Раб и солдат - Greko
«Интересно, сколько за него дадут? — думал горец, поглядывая на пленника. — Здоровый лоб. Продам-ка я его кузнецу в нижний аул. Ему такой помощник пригодится. У кузнеца денежки водятся. Он на кинжалах из булата кучу серебра выручает каждый год».
Горец весело запел песню, подбадривая себя. Волокуши, на которых он пристроил будущего раба, тащить под гору было не так уж и сложно. Тем более, что своя ноша не тянет!
Его песня — странный набор гортанных звуков — привела в сознание связанного Васю. Когда он открыл глаза, сперва ничего не понял. Куда-то Милова волочили на нескольких соединенных между собой жердях. Серое небо над головой постоянно перекрывали ветки огромных деревьев. Вася и не знал, что такие на Кавказе произрастают. Но красоты зимнего горного леса его совершенно не волновали. Дикие ритмы мелодий кавказской эстрады в исполнении похитителя откровенно напрягали. Беспомощность — бесила не на шутку. Как и невозможность взглянуть в глаза гаду, превратившему Васю в бесполезный овощ.
— Эй, ты! Зачем меня ударил⁈ — попытался Вася привлечь внимание своего возчика и пленителя. — Зачем связал? Тебе под Новый год проблемы нужны⁈
Горец радостно замурлыкал под нос: теперь отпали последние сомнения в том, что он не того человека захватил. Урус! Горец русского языка не знал, но говор слыхал. Осталось уточнить последний деликатный момент.
— У тебя кунак в горах есть? — осторожно спросил он, не поворачивая головы.
Вася ничего не понял, но слово кунак показалось знакомым.
— Искандер — мой кунак и товарищ боевой. Он тебе за твои художества глаз на жопу натянет!
«Нет у него кунака! — снова обрадовался горец. — Он точно не сбежавший раб. Таких лоснящихся от сытости рабов не бывает. Одежда, правда, дрянь и сапоги где-то посеял. Наверное, дезертир. Значит, моя законная добыча!»
Вася закончил со своими угрозами, потому что они добрались до аула. Увиденное его потрясло. Полное отсутствие цивилизации: нет ни электрических проводов, ни спутниковых тарелок на крыше. Жуткая бедность. Какие-то убогие лачуги под соломенными или камышовыми крышами и толпа народу, снующего по своим делам и наряженного, как реконструкторы. Ни одной яркой куртки или телогрейки, на худой конец. И на ногах не пойми что! Зимой!
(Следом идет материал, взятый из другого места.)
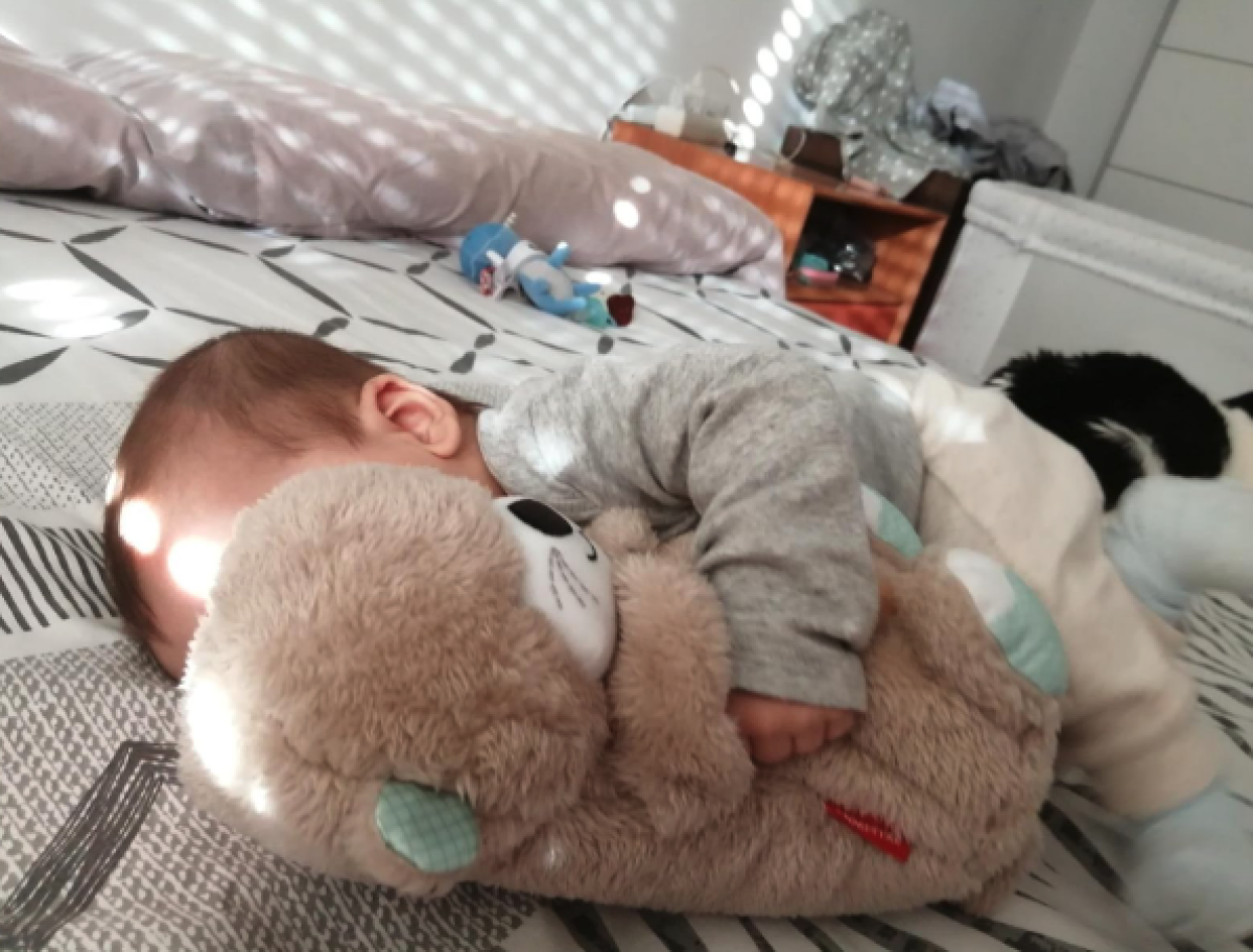 • Este peluche imita el ritmo de tu respiración, calmando a tu bebé de forma natural, para que deje de llorar y tú dejes de volverte loco a media noche.
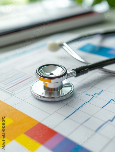 Stethoscope on colorful medical chart in a bright healthcare setting
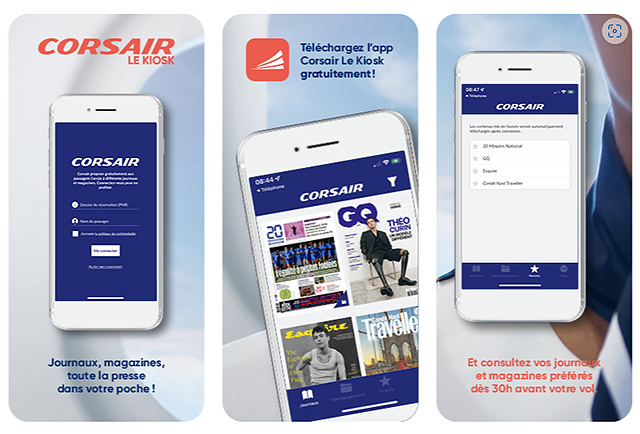 Depuis début janvier 2023, les clients de la compagnie aérienne Corsair International peuvent consulter leurs journaux et magazines favoris à bord gratuitement et en illimité, sur la nouvelle application Corsair Le Kiosk.
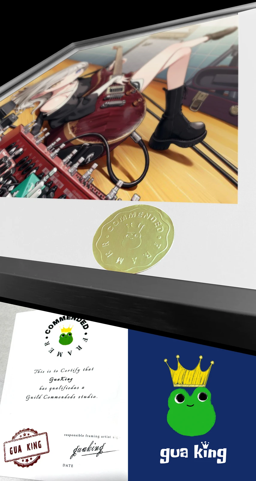 1. Art Paper + Aluminum Alloy Frame + Oil Ink Quality + Hand-written Gold Numbering.
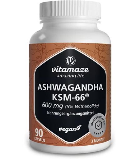 Anwendungsgebiet von Vitamaze Ashwagandha 600 mg KSM-66 KapselnVitamaze Ashwagandha 600 mg KSM-66 KapselnAshwagandha – der König der Adaptogene für deine innere Balance Ashwagandha (Withania somnifera) wird seit Jahrhunderten in der traditionellen Ayurveda-Medizin geschätzt und gilt als „König der Adaptogene“. Ashwagandha zählt zu den bedeutendsten Pflanzen ganzheitlicher Gesundheitsrituale. Ihre Wurzel steckt voller natürlicher, bioaktiver Wirkstoffe, die Körper und Geist auf sanfte Weise unterstützen.Vitamaze Ashwagandha 600 mg wird mit KSM-66® hergestellt, aus dem ganzheitlichem Wurzelextrakt, der die natürliche Zusammensetzung der Pflanze bewahrt. Jede vegane Kapsel liefert dir 600 mg reinen, konzentrierten Wurzelextrakt – so kannst du diese bewährte Pflanze ganz einfach und zuverlässig in deine tägliche Routine integrieren.Unser Ashwagandha-Extrakt wird sorgfältig in nährstoffreichem Boden angebaut und schonend verarbeitet – so bleibt das volle, natürliche Pflanzenprofil mit seinen bioaktiven Wirkstoffen erhalten. Wir verwenden ausschließlich die Wurzel, denn hier sind die wichtigsten Wirkstoffe am stärksten konzentriert. So garantieren wir dir ein hochwertiges Supplement ohne unnötige Zusätze, Allergene oder synthetische Inhaltsstoffe.Das moderne Leben ist schnelllebig und fordert viel von uns. Umso wichtiger ist es, dir regelmäßig natürliche Unterstützung zu gönnen – für mehr Balance, Energie und innere Stärke. Ob du einen vollen Terminplan meisterst, Stress bewältigst oder einfach eine bewährte pflanzliche Ergänzung für dein Wohlbefinden suchst – diese reine, pflanzliche Formel fügt sich perfekt in deinen Alltag ein.Wirkstoffe / Inhaltsstoffe / ZutatenZutaten von Vitamaze Ashwagandha 600 mg KSM-66 Kapseln:Ashwagandha-Wurzelextrakt (Withania somnifera, Wurzel) mit 5% Withanolide, Überzugsmittel (Hydroxypropylmethylcellulose pflanzliche Kapselhülle), Füllstoff (Akaziengummi).GegenanzeigenBei bekan ...
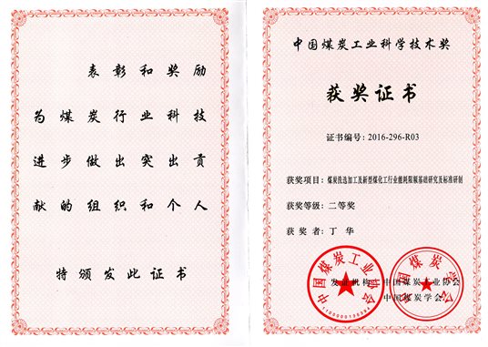 6 | 煤炭洗选加工及新型煤化工行业能耗限额基础研究及标准研制 | 中国煤炭工业科学技术奖 | 二等奖 | 2016 | 3 |
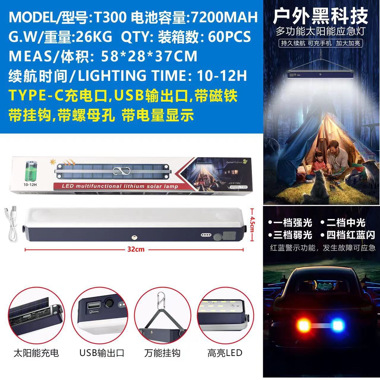 Indoor and outdoor solar rechargeable security light. Designed for safety and security, it automatically charges via solar power and provides bright illumination for homes, gardens, or roads. Easy to install, eco-friendly, and long-lasting.

«В этнопарк что ли попал?» — пришло в голову Васе единственное логическое заключение. Которое, если разобраться, не выдерживало критики. Кто же в здравом уме станет нападать в лесу на человека, даже «здрасте» не сказав? Что-то тут было не так. Словно не аул с его жителями тут был не к месту, а сам Вася. Поэтому и получил в лоб прикладом ружья. Наверняка, и шишка уже налилась.
Он не мог не отметить, что лачуги были разбросаны по склону не просто так. Хитрым образом маскировались в складках местности. Прятались за большими деревьями. И имели доступ к хорошей воде. Горная речушка весело журчала у подножья аула, игнорируя фактор зимы.
«Вертолетов боятся? Вот я влип!» — наконец-то, дошло до Васи. Он, конечно, читал, что на Кавказе еще практикуется гнилой обычай превращать людей в рабов. От подобной перспективы его бросило в жар, несмотря на то, что он прилично продрог.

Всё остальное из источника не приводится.